BEGIN DATASET EXCERPT

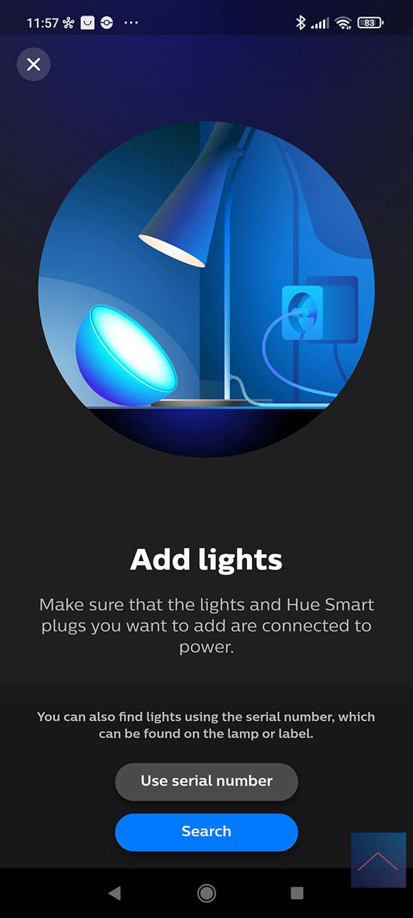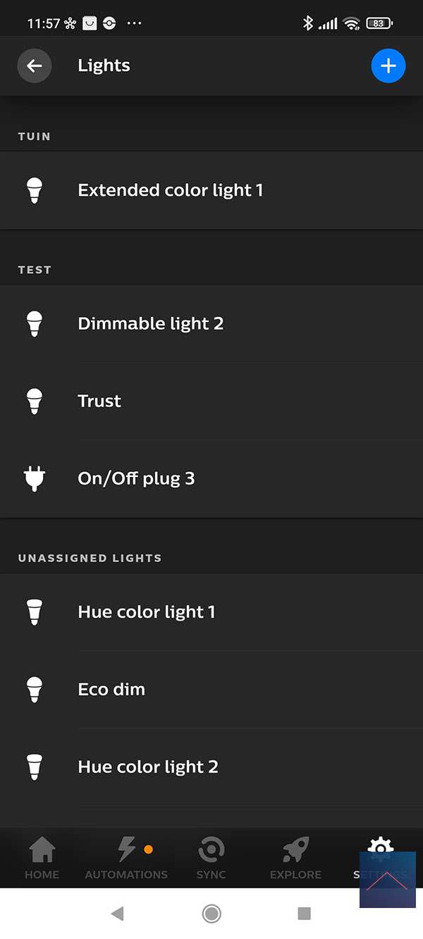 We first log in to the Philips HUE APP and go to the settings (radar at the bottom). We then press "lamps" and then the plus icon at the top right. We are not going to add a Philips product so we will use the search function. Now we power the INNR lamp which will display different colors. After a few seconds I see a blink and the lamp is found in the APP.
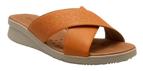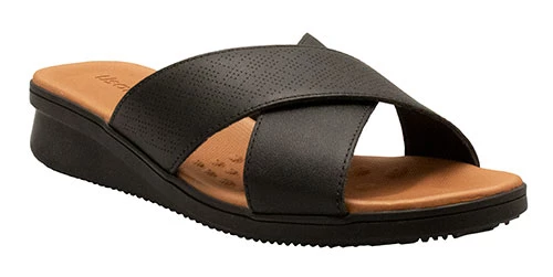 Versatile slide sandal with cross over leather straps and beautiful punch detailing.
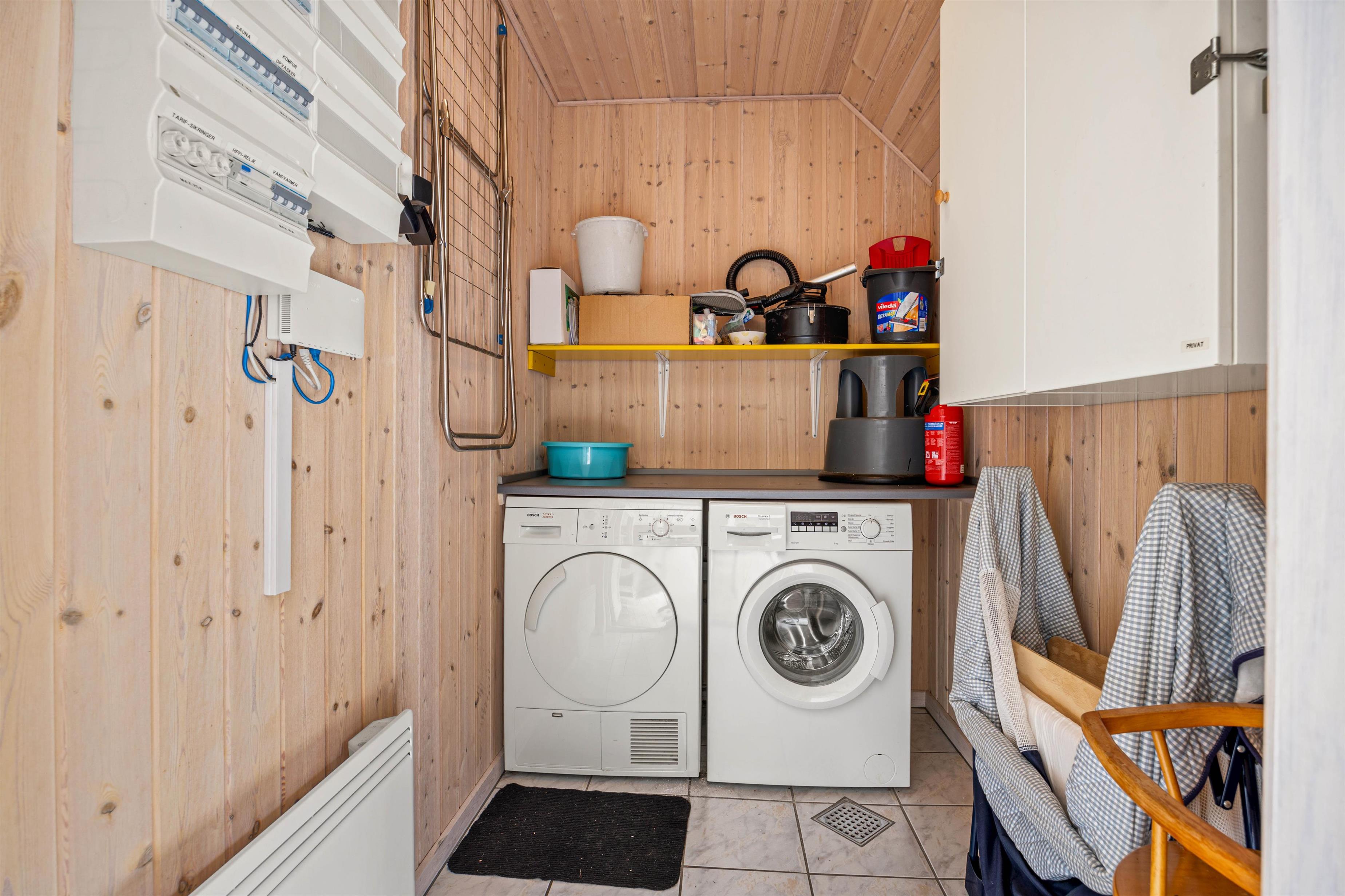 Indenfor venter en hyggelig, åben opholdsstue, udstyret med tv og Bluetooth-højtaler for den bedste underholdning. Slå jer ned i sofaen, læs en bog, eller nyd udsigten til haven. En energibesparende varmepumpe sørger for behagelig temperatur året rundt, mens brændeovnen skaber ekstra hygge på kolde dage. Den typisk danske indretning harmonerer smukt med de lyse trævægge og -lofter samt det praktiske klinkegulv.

END DATASET EXCERPT

TASK DESCRIPTION
Pictures stay out; everything else in the listing above gets restated word for word.

SOLUTION TO THIS PROBLEM
 We first log in to the Philips HUE APP and go to the settings (radar at the bottom). We then press "lamps" and then the plus icon at the top right. We are not going to add a Philips product so we will use the search function. Now we power the INNR lamp which will display different colors. After a few seconds I see a blink and the lamp is found in the APP.
 Versatile slide sandal with cross over leather straps and beautiful punch detailing.
 Indenfor venter en hyggelig, åben opholdsstue, udstyret med tv og Bluetooth-højtaler for den bedste underholdning. Slå jer ned i sofaen, læs en bog, eller nyd udsigten til haven. En energibesparende varmepumpe sørger for behagelig temperatur året rundt, mens brændeovnen skaber ekstra hygge på kolde dage. Den typisk danske indretning harmonerer smukt med de lyse trævægge og -lofter samt det praktiske klinkegulv.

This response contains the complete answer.